Well, as I've taken some effort to discuss, the fate of the White Sox this season will rest a great deal upon Adam Dunn, Paul Konerko, Mark Buehrle maintaining their performance levels into their mid-30's...an age I can only imagine in my darkest nightmares.

But there are a few more things to watch out for as far potential regression goes with the ChiSox.

Juan Pierre

He's already no great shakes because, as close-minded as it seems, it's
really hard to be a good offensive player when you pose no threat
to ever hit a home run....especially if your home park is U.S. Cellular
Field.  Still, for the
slap-a-line-drive-over-the-shortstop's-head-then-run-reallyreallyreally-fast
game that Juan focuses his time and energy on, there is potential for
regression.

Why he might be on the downslide: Just the simple fact that
Pierre's game is based on speed.  He steals bases, he has exceptional
range on defense, he runs out more than the average amount of grounders, and all of
this is based on speed.  A fair amount of know-how and skill is involved (Example: Beckham is fast, but steals bases like Frank Thomas), but it all
collapses without speed.  Juan Pierre is 33.  A noticeable and steep
decline in foot speed isn't necessarily coming now, but it's coming sometime, and
he's approaching the age where it can expected at any time.

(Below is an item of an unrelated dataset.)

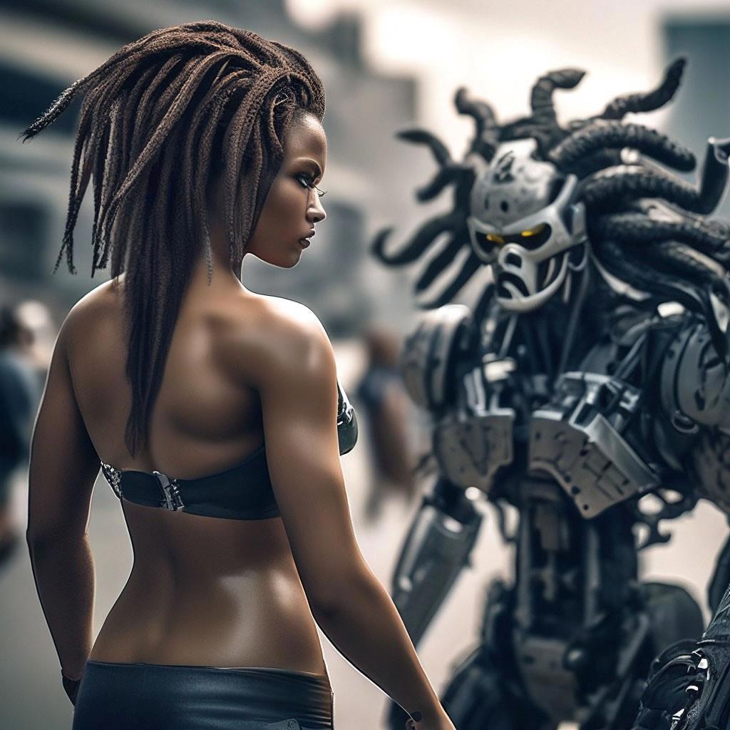 Сцена из Терминатора, где терминатор с функциями Медузы Горгоны. А чернокожая девушка это видать Сара Конор нового времени.

Why this is crazy-talk:  Other than visual assertions that he's
lost a step, Pierre ran more than ever at a success rate consistent with
the rest of his career in 2010, covered the field as good as ever, and
finished the season on a hitting tear that confirmed there's really no
hint of him declining, it's just that all measures of aging in baseball suggests he will at some
point.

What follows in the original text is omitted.